マクロな要因が影響を及ぼす金(ゴールド)と金融の世界を毎日ウォッチする男が日常から市場動向まで思うところを書き綴ります。

結果を先取りする市場

2014年04月02日 23時40分23秒 | 金市場

今週は4月4日の雇用統計に多くの関心が向かっており、とにかく暖かくなれば米国景気は本来の姿を取戻し、力強さが戻るという前提で、時間が経過している。発表される米国関連のデータも、この見通しから大きく逸れるものはなく、ここまでは概ね順調。

昨日発表されたISM(米供給管理協会)製造業景況指数は、まさにそういうことだった。3月の数字は2月の53.2から53.7へ2ヵ月連続の上昇となり、大寒波というイレギュラーな要素により前月までは回復が阻害されていたとの見方が高まった。

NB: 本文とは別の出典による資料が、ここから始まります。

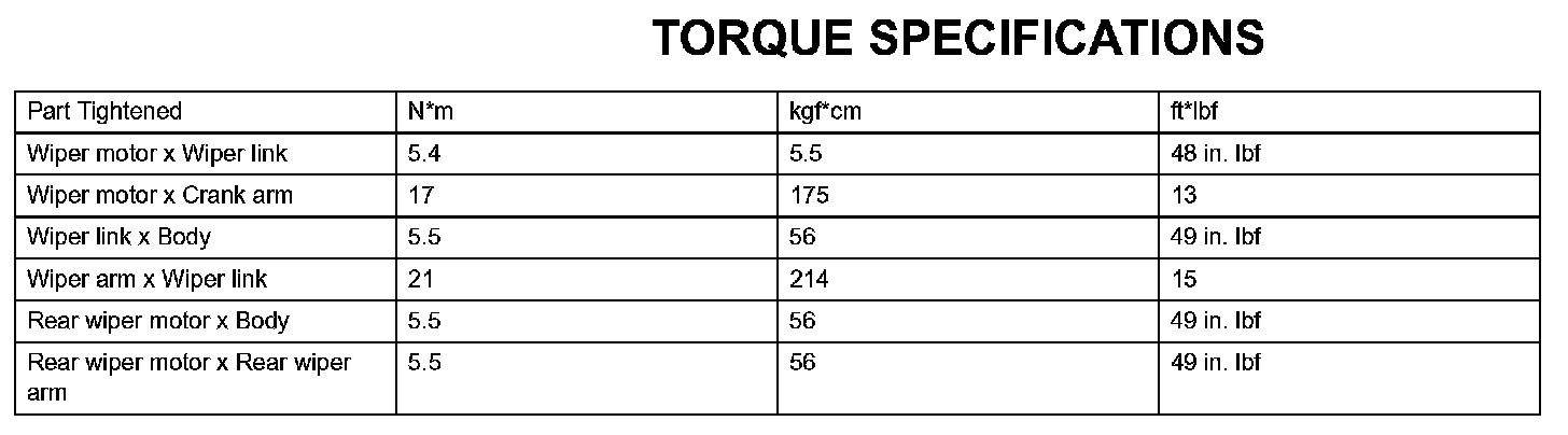 Wiper And Washer - Torque Specifications:

ただし、このISM製造業景況指数にしても市場予想は54.0であって、高めの数字が予想されていた。つまり改善は、かなりの部分織り込み済みという捉え方ができる。その点では雇用統計も雇用者数の増加が19万人増とFRBが一つの基準としている20万人増に迫る内容で、中にはドイツ銀行のように27万人台と超強気のところまで出ている。つまり、“春になれば改善”をフルに織り込んでいるわけで、その前提で株高、ドル高が進んでいる。反対側で週初めから金が売られてきた。したがって、バーは上がっており、その期待に沿えない場合には、株は急反落、金はショートカバーで急反発ということになりそうだ。

ウクライナ情勢にしても、伝えられたウクライナ東部の国境に動員されている部隊の一部が撤収したとのニュースにしても、ロシアのメディアが流したもので、それが実態を表しているのかさえ不明。昨日はNATO(北大西洋条約機構)のラスムセン事務総長が、そうした動きを確認できていないと発言したとされる。そもそもいまだ外交的駆け引きの真っ最中であり、先の国民投票にしてもロシア側が強引な舞台設定で“民主的プロセス”を作り出したものであって、額面通りには受け取れないのが実情のようだ。つまりプーチンによる周到な演出が施されている。

市場の常ではあるが、期待先行で価格展開が進んでいる。特にNY株はその傾向が強そうだ。